Since he already had to remove a group of three from the Pit, he might as well consider Allison and Christoph. “Yeah, man. I loved French. Spanish didn’t work for me though,” she explained to Christoph.
Dammit, where were these people in the last year? Marcus thought.
“How many languages do you speak?” Allison asked Christoph.
“Nine,” Christoph answered.
Nine languages! Marcus thought to himself. He speaks nine fucking languages?
Allison and Christoph lifted up the body of a screaming old women, finding another concentration camp body underneath. “Hey look,” Allison called out to the others. The four adults came to stand over the body of a gaunt man in the blue on blue striped uniform. Marcus felt a surge of disappointment. They did not need to be staring at an individual body. He really needed them to forget about the bodies. That’s what the whole body moving exercise was about.
“I wonder what he does with them?” Allison asked the group at large.
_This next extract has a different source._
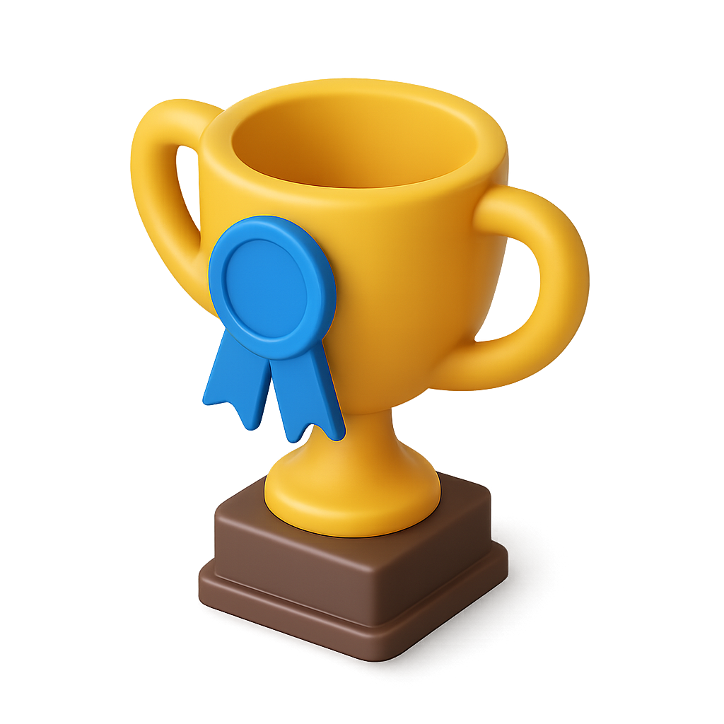 A vibrant 3D trophy icon featuring a yellow cup with a blue ribbon, set on a brown base. The design has a glossy finish and a volumetric, isometric perspective.

“The Nazi?” Christoph clarified. “He did horrific things to these people in life.”
“And now he gets to do whatever he wants to them in Hell,” Sid offered in a bitter tone.
“That’s not fair,” Allison interjected. “Wait, I have an idea.” Allison perked up, all excited and ready to share. “In the words of Dr. Seuss, I’ve ‘got an idea! An awful idea! The Grinch got a wonderful, awful, supremely shitty idea.’”
“Please don’t misquote Dr. Seuss,” Sid mocked. “Really Allison, some things are sacred.”
Marcus couldn’t help but laugh. Who comes up with shitty plans their first day in Hell? Nobody but these weirdos.
She pointed to the concentration camp body. “In case the Nazi comes back, I say we hide that body. If it’s what he wants then that’s what I want to take away from him.”
So yeah, he would definitely need Allison and her shitty ideas and Christoph, the uber multilingual, bringing his total up to five.
Which plan is best for leading people up the 12 o’clock stairs with Nadia being one of them? he thought. Once out of the Pit, the real work of keeping them away from Virgil’s people would begin. Because nothing would lead them away like hearing Marcus described as evil.